* TASK PROMPT:
Transcribe only the lines in the data below falling between the line with "Комплект наушники с" and the line with "まずは、下の緑のボタンから「みんなのFX × 投資OL社長ちゃん", including those two lines, and leave out any picture.
[EXERCISE DATA Boundary: Start]
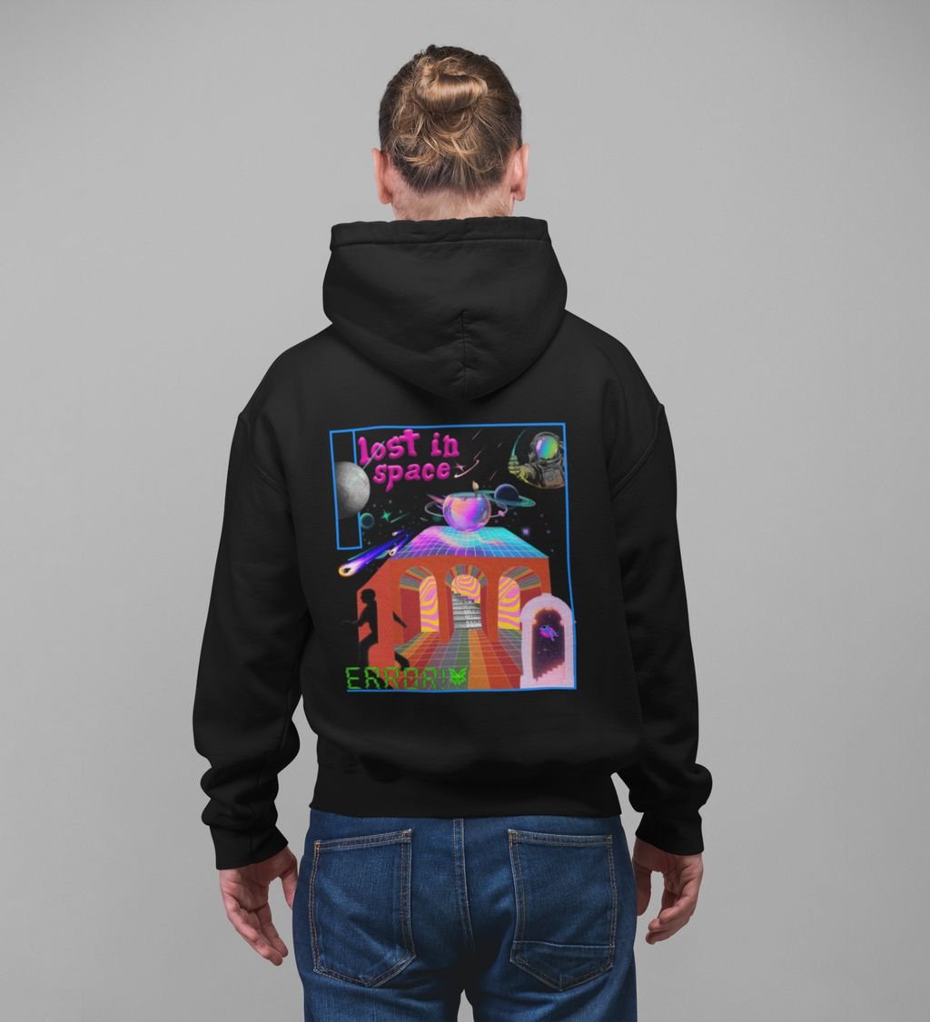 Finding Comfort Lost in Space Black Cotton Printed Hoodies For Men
[EXERCISE DATA Boundary: End]
[EXERCISE DATA Boundary: Start]
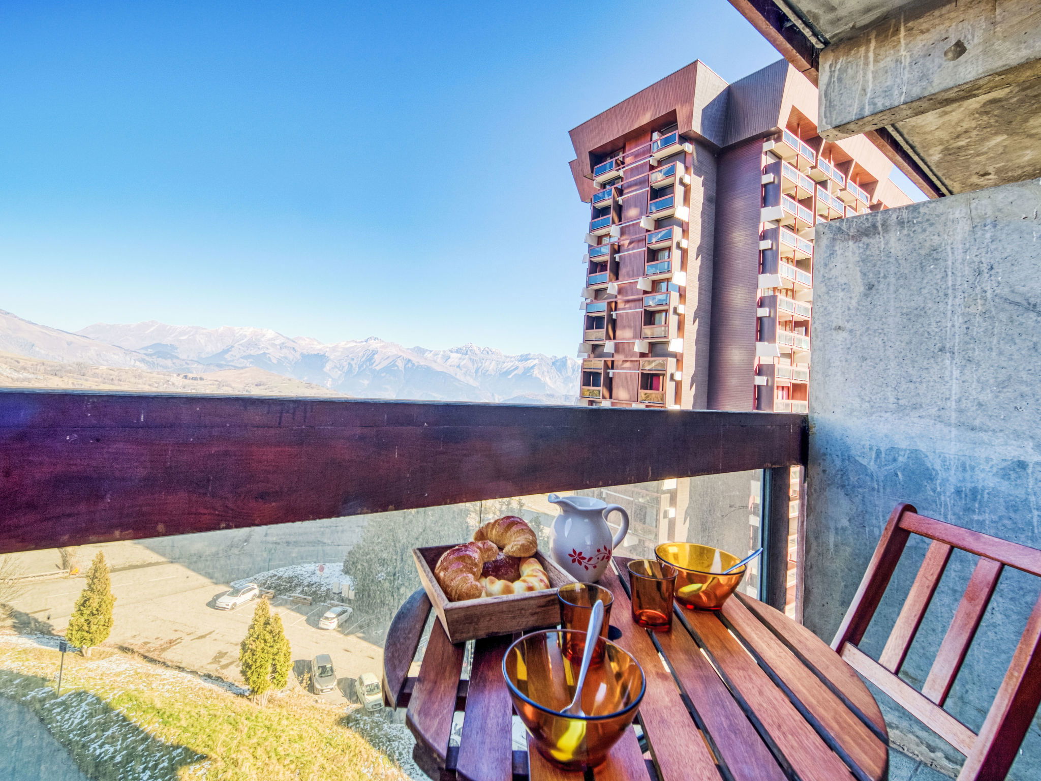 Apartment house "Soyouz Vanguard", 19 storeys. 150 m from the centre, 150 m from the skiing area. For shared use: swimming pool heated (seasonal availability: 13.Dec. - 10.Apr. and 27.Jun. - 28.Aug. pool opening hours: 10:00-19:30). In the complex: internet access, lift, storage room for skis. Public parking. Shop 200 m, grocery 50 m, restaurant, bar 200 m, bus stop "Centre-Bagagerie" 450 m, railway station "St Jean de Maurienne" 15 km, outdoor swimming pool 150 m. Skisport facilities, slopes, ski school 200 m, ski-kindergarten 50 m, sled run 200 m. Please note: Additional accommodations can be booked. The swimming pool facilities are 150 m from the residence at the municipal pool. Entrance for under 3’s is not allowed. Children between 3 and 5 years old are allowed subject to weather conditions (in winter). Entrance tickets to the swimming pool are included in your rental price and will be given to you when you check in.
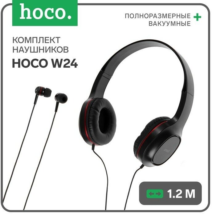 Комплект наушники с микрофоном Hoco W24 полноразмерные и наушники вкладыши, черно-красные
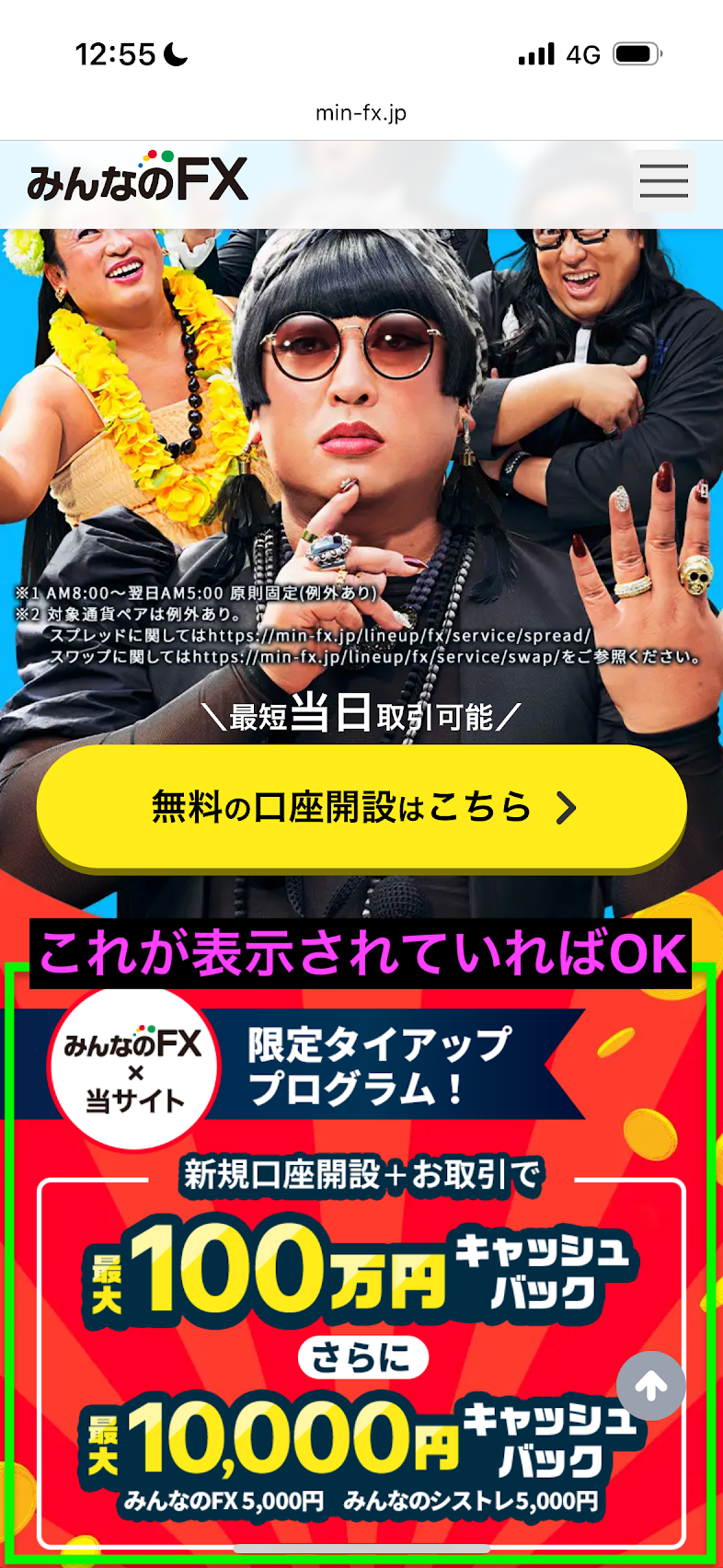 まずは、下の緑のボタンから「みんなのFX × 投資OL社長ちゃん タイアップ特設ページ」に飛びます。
[EXERCISE DATA Boundary: End]
* ANSWER TO THE PROBLEM:
 Комплект наушники с микрофоном Hoco W24 полноразмерные и наушники вкладыши, черно-красные
 まずは、下の緑のボタンから「みんなのFX × 投資OL社長ちゃん タイアップ特設ページ」に飛びます。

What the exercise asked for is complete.